● Activity
Below are entries; copy exactly, and only, the lines from the one containing "ادامه خواهد یافت." through their final line, leaving out pictures.

● ● ● ● ●

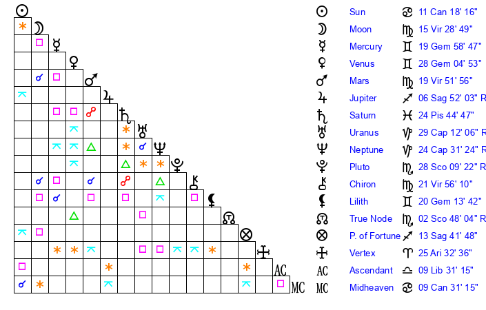 | Jupiter | 6 Sagittarius 44 | 5 Cancer 26 | 5 Sagittarius 24 |
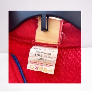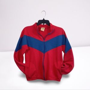 Vintage Track Jacket, Red and Blue Chevron Pattern Jacket this is a rare brand from the 1970s / 1980s. It is an Olympic Style Track Jacket with hand warmer pockets. Blue YKK Zipper details make this a far out 'fit. Small zippered collar. Bottom of the jacket and cuffs are lined with elastic. In excellent condition, no holes or stains, no pulls.
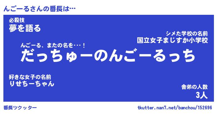 | 肩書あだ名 | 『んごーる御曹司』『んごーる国家主席』 |
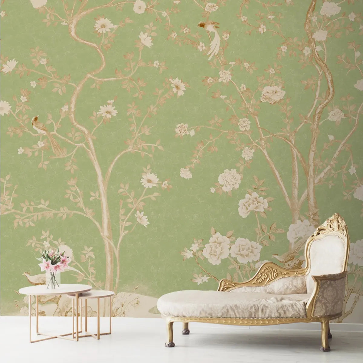 Papier peint chinoiserie vintage en fleurs de menthe pour murs
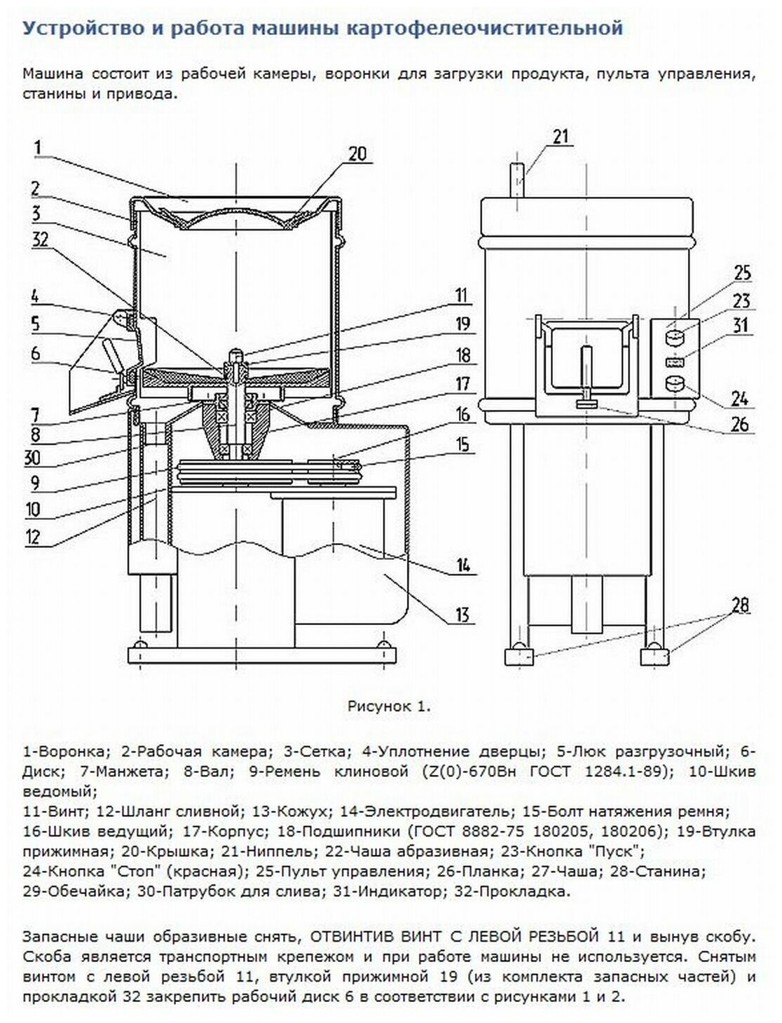 Type: vegetable peeler, body material: stainless steel steel, power: 0.82 kW, installation: floor
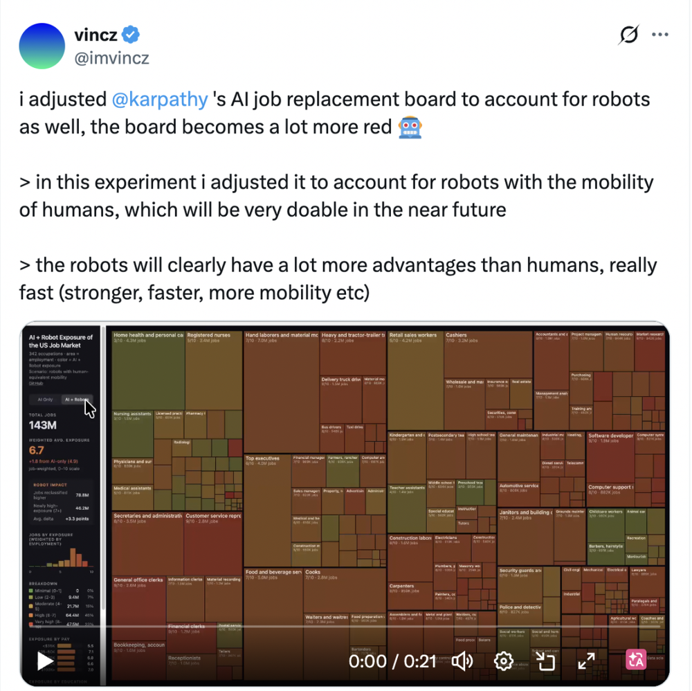 有网友在Karpathy原版图表基础上加入机器人因素,图中低风险区变得更「红」。屋顶工人、清洁工、建筑工人、水管工、电工等面临的是另一类自动化威胁:机器人技术、自动驾驶和仓储自动化正逐渐逼近。
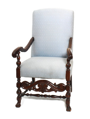 having high rectangular upholstered back and seat, carved scrolled out turned arms above turned legs and H-shaped stretchers with elebarately carved front stretcher.
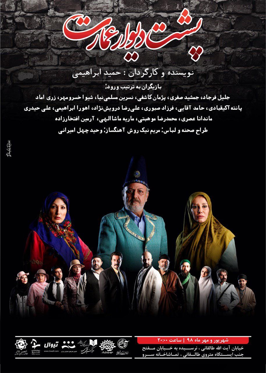 نمایش «پشت دیوار عمارت» از دیروز یکشنبه اجرای خود را درتماشاخانه سرو انجمن تئاترانقلاب و دفاع مقدس آغاز نمود و تا ۳۰ شب از ساعت ۲۰ ادامه خواهد یافت.
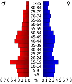 25,3 Prozent der Bevölkerung waren unter 18 Jahre alt. 11,8 Prozent zwischen 18 und 24 Jahre, 24,7 Prozent zwischen 25 und 44 Jahre, 22,0 Prozent zwischen 45 und 64 Jahre und 16,2 Prozent waren 65 Jahre alt oder älter. Das Durchschnittsalter betrug 37 Jahre. Auf 100 weibliche Personen kamen 98,6 männliche Personen. Auf 100 erwachsene Frauen ab 18 Jahren kamen 96,2 Männer.
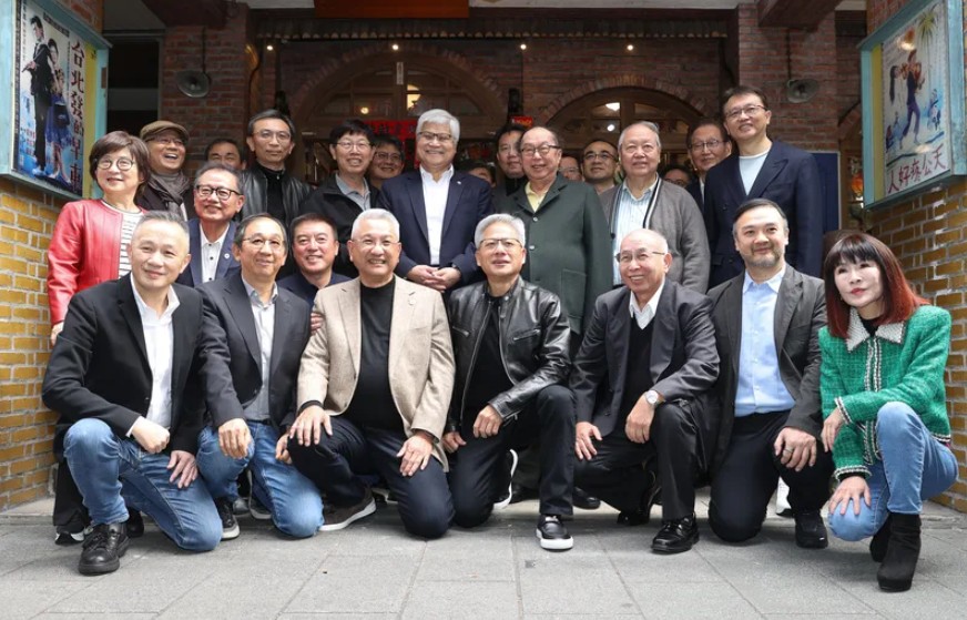 香港新聞網1月20日電 英偉達(NVIDIA)創辦人兼CEO黃仁勳於18日到訪台灣,與36家台灣供應鏈大廠的高層共進午餐。參加的公司包括台積電、鴻海、廣達、和碩、緯穎、華碩、矽品、宏碁、緯創和英業達等,這些公司的總市值超過新台幣百兆元。黃仁勳還與這些“飯友”在餐廳門口拍下“身價最高的合照”。今日(20日)這些“飯友”們的股價也普遍走揚,包括鴻海(2317)漲幅1.73%、緯創(3231)更漲逾半根。

● ● ● ● ●

● Task answer
 نمایش «پشت دیوار عمارت» از دیروز یکشنبه اجرای خود را درتماشاخانه سرو انجمن تئاترانقلاب و دفاع مقدس آغاز نمود و تا ۳۰ شب از ساعت ۲۰ ادامه خواهد یافت.
 25,3 Prozent der Bevölkerung waren unter 18 Jahre alt. 11,8 Prozent zwischen 18 und 24 Jahre, 24,7 Prozent zwischen 25 und 44 Jahre, 22,0 Prozent zwischen 45 und 64 Jahre und 16,2 Prozent waren 65 Jahre alt oder älter. Das Durchschnittsalter betrug 37 Jahre. Auf 100 weibliche Personen kamen 98,6 männliche Personen. Auf 100 erwachsene Frauen ab 18 Jahren kamen 96,2 Männer.
 香港新聞網1月20日電 英偉達(NVIDIA)創辦人兼CEO黃仁勳於18日到訪台灣,與36家台灣供應鏈大廠的高層共進午餐。參加的公司包括台積電、鴻海、廣達、和碩、緯穎、華碩、矽品、宏碁、緯創和英業達等,這些公司的總市值超過新台幣百兆元。黃仁勳還與這些“飯友”在餐廳門口拍下“身價最高的合照”。今日(20日)這些“飯友”們的股價也普遍走揚,包括鴻海(2317)漲幅1.73%、緯創(3231)更漲逾半根。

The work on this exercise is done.